KHIP
- Gonzales, California; United States;
- Broadcast area: Santa Cruz–Monterey–Salinas, California
- Frequency: 104.3 MHz
- Branding: 104.3 The Hippo

Programming
- Format: Classic rock

Ownership
- Owner: Stephens Media Group; (SMG-Monterey, LLC);
- Sister stations: KCDU, KKHK, KPIG-FM, KWAV

History
- First air date: 1990 (as KPUP-FM)
- Former call signs: KPUP-FM (1990–1991); KHKN-FM (1991–1992); KKLF (1992–1995); KMBY-FM (1995–September 5, 2002); KTEE (September 5–12, 2002);
- Call sign meaning: K HIPpo

Technical information
- Licensing authority: FCC
- Facility ID: 9858
- Class: A
- ERP: 2,600 watts
- HAAT: 155 meters
- Repeater: 104.3 KHIP-FM1 (Carmel Valley)

Links
- Public license information: Public file; LMS;
- Webcast: Listen Live
- Website: thehippo.com

= KHIP =

Radio station in Gonzales, California

KHIP is a commercial radio station in Gonzales, California, broadcasting to the Santa Cruz–Monterey–Salinas area on 104.3 FM. Its studios are in Monterey while its transmitter is located east of Salinas.

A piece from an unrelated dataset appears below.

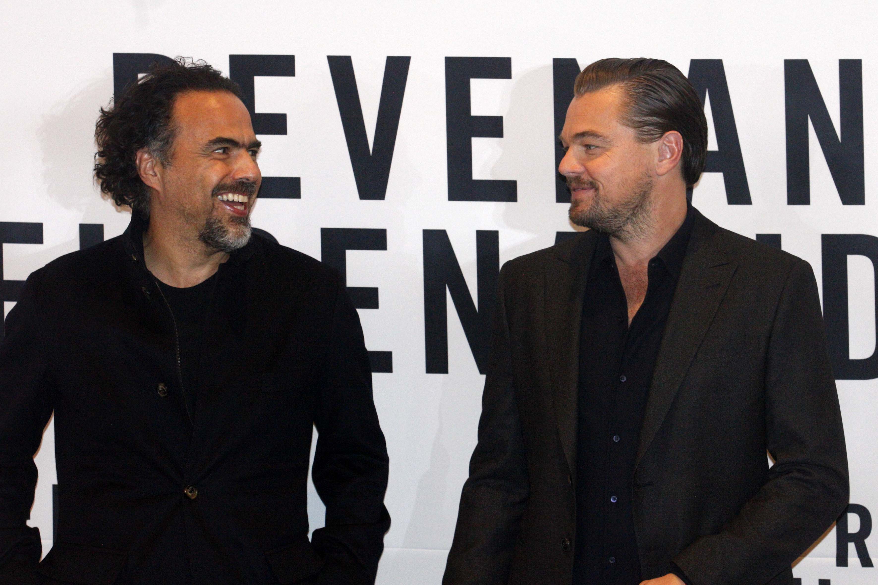 MÉXICO, D.F. Cinema/Cine-“The Revenant”.- El director mexicano Alejandro González Iñárritu y el actor estadounidense Leonardo DiCaprio presentan la película “The Revenant”, el martes 26 de enero de 2016 en la Ciudad de México. El filme está nominado al Premio Oscar 2016 en las categorías de Mejor Película, Mejor Director y Mejor Actor, entre otras.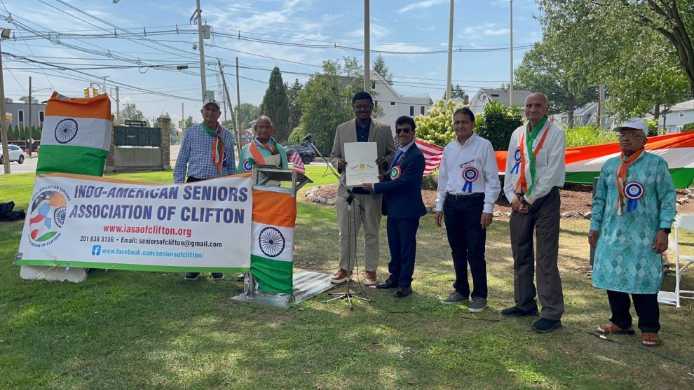 ભારતીય અમેરિકન સિનિયર્સ એસોસિએશન (IASA) ઓફ ક્લિફ્ટને ભારતના 79મા સ્વાતંત્ર્ય દિવસની ઉજવણી માટે 17 ઓગસ્ટના રોજ ક્લિફ્ટન સિટી હોલ ખાતે ભારતીય ત્રિરંગો ફરકાવ્યો.

KHIP airs a classic rock music format branded as "The Hippo". It carries Las Vegas Raiders NFL games.

==History==
KKLF was a Spanish language station in 1995 when it simulcast KIEZ.

104.3 was home of alternative rock KMBY which moved to 103.9 in a major switch in 2002.

On July 1, 2019, Mapleton Communications announced its intent to sell its remaining 37 stations to Stephens Media Group. Stephens began operating the station that same day. The sale was consummated on September 30, 2019.